Concernant le packaging, regarde du coté de JarBundler des developer tools (c'est gratuit). Ainsi, tu pourras faire un .app _'comme les autres applis mac'_.

Peut-être devrais-tu également considérer l'utilisation des dmg à la place des zip. 


Projet et initiative très intéressants en tout cas ...


----------



## parabellum (13 Septembre 2006)

Hello GrandGibus,

Merci pour l'accueil chaleureux et les encouragements, je ne m'attendais pas à une réponse si rapidement!


Bon, concernant l'exception que tu as noté, il semble que cela vienne du chargement explicite de la librairie "jawt", qui ne doit donc pas exister sous Mac...

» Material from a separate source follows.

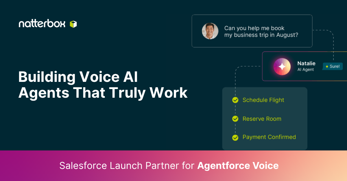 As Salesforce’s launch partner for Agentforce Voice, Natterbox shares its best practices for building Voice AI agents that truly work inside the new Agentic Enterprise. From controlling agent behaviour and embedding context from CRM data to designing fluid, human-like conversations and monitoring performance at scale, this guide outlines how to create AI agents that drive real customer success. Learn how Natterbox helps organizations turn every conversation into intelligent action — where humans and Agentic AI work together to deliver seamless, trusted experiences.

Le code de démarrage a donc été modifié pour prendre cette particularité en compte.
J'en ai profité pour faire un packaging spécial avec les libs de binding OpenGL propre à Mac OS X -- sans elles tu ne serais pas allé beaucoup plus loin de toutes façons 

Donc, avec de la chance, cette version devrait fonctionner beaucoup mieux (si je peux encore abuser et demander un tout petit test ): http://perso.orange.fr/parabellum/bin/ParaJVE/ParaJVE_0.2.1_mac.zip

Merci!


PS. Sympa pour les infos concernant JarBundler et le format DMG, je ne manquerai pas d'y jeter un oeil!


----------



## GrandGibus (13 Septembre 2006)

Bon, ça va mieux: 

j'arrive à lancer l'appli... mais je n'arrive pas à faire fonctionner les touches clavier (sur le premier jeu, le vaisseau devrait tourner sur lui-même avec les touches flêche ?) :rose:.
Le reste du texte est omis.